Les jeunes grecs peu encouragés à se lancer dans l’agriculture

Elli Tsiforou veut rendre l'agriculture plus attirante pour les jeunes générations. [GAIA EPICHEIREIN]

Cet article fait partie de l'édition spéciale Agriculture européenne : où sont les femmes ?.

Une faible profitabilité et des infrastructures de mauvaise qualité rendent la Grèce peu attirante pour ses jeunes, qui sont cependant essentiels à l’avenir de l’agriculture. Un article d’Euractiv Grèce.

« Le métier d’agriculteur est moins attirant pour les jeunes, hommes ou femmes, à cause des revenus moins importants que dans d’autres professions et de la contrainte de vivre dans des zones rurales éloignées », explique Elli Tsiforou.

La jeune femme dirige le bureau bruxellois de GAIA EPICHEIREIN, membre de l’organisation qui représente les agriculteurs auprès de l’UE, la Copa-Cogeca. Elle estime urgent de prendre des mesures immédiates pour attirer les jeunes générations vers les métiers de la terre.

Les observateurs s’alarment du fait que le vieillissement des agriculteurs et l’absence d’agricultrices continuent à freiner le développement du secteur. « Nous devrions repenser la profession, afin d’attirer les jeunes générations.
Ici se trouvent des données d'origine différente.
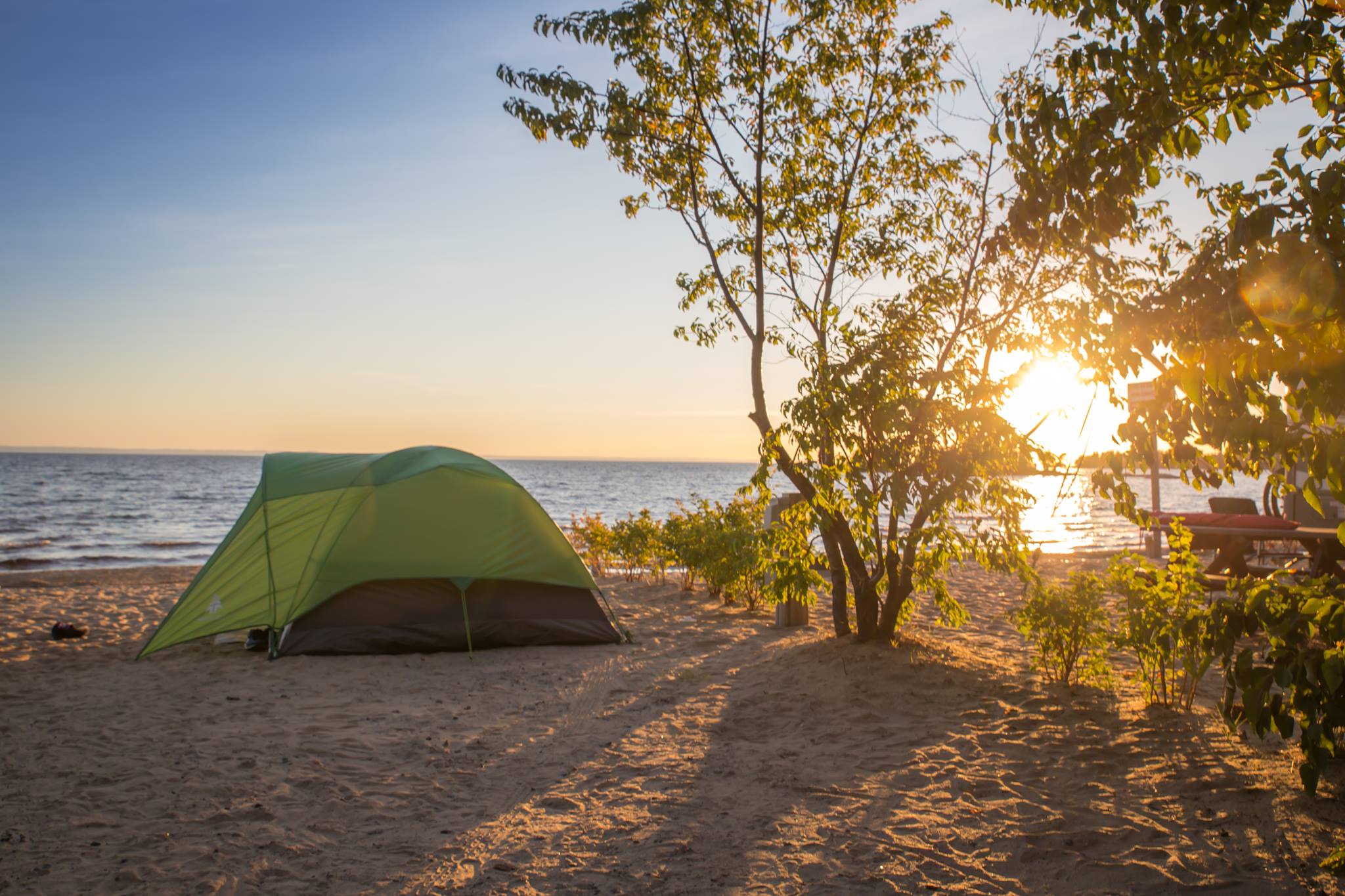 Parc national de la Pointe-Taillon, Péribonka : Excellent article sur ce petit paradis où l’on peut aussi profiter de 10 tentes Huttopia en « prêt-à-camper ».

Les agriculteurs doivent regagner confiance en leur avenir », assure Elli Tsiforou.

« Si nous ne proposons pas une politique agricole commune, adéquatement financée et visionnaire, sur la base des connaissances et de l’innovation, pour garantir les revenus des agriculteurs et créer de la valeur ajoutée pour eux, pour les zones rurales et pour la société dans son ensemble, je crains que des mesures comme les aides à l’installation et à l’investissement ne suffisent pas », poursuit-elle.

La pyramide des âges menace l'agriculture européenne

Les États membres ne peuvent faire l’impasse sur le renouvellement générationnel dans le secteur agricole . Or l’entrée de jeunes dans le secteur passe par un budget PAC important, selon les jeunes agriculteurs.

Le casse-tête de la nouvelle PAC

Areti Vaiopoulou, éleveuse de la région de Thessalie occidentale, trouve important d’assurer la pérennité des nouvelles exploitations. « L’âge moyen de la communauté agricole est en train de baisser et de nouvelles idées, nouveaux esprits et nouveaux scientifiques entrent sur le marché », se réjouit-elle.

En règle générale, les agriculteurs grecs estiment que la PAC actuelle a permis de faire entrer l’innovation dans le secteur, mais qu’il reste encore fort à faire. Le programme actuel a permis d’aider substantiellement les nouveaux agriculteurs, mais les acteurs du secteur s’inquiètent des coupes budgétaires proposées pour la prochaine PAC, après 2020, et surtout des conséquences de cette décision sur les premiers pas des candidats à l’agriculture, confirme Areti Vaiopoulou.

Les professionnels souhaitent que la PAC les aide dans les domaines des coûts de production, qui sont en hausse, des prix du marché et de la qualité de la production. « Nous ne voulons pas perdre les incitatifs de la PAC actuelle. Personnellement, en tant qu’éleveuse, j’ai besoin d’aide pour la mise en réseau de mes produits », ajoute-t-elle.

Les femmes aux commandes

Autre problème : la place des femmes dans le secteur. Elles restent relativement peu nombreuses et peinent à pérenniser leurs exploitations. « Dans d’autres pays, le système bancaire encourage les femmes, mais ici il faut tout faire soi-même », regrette Areti Vaiopoulou, qui rappelle le rôle des coopératives dans la coordination de l’échange d’expérience.

Elli Tsiforou souligne que les agricultrices sont des entrepreneurs comme les autres, qui prennent pleinement part à la modernisation du secteur agroalimentaire européen.

« Ce qu’elles attendent de la PAC, exactement comme leurs homologues masculins, ce sont des outils modernes et visionnaires qui leur permettraient de mener une activité durable dans tous les sens du terme », conclut-elle.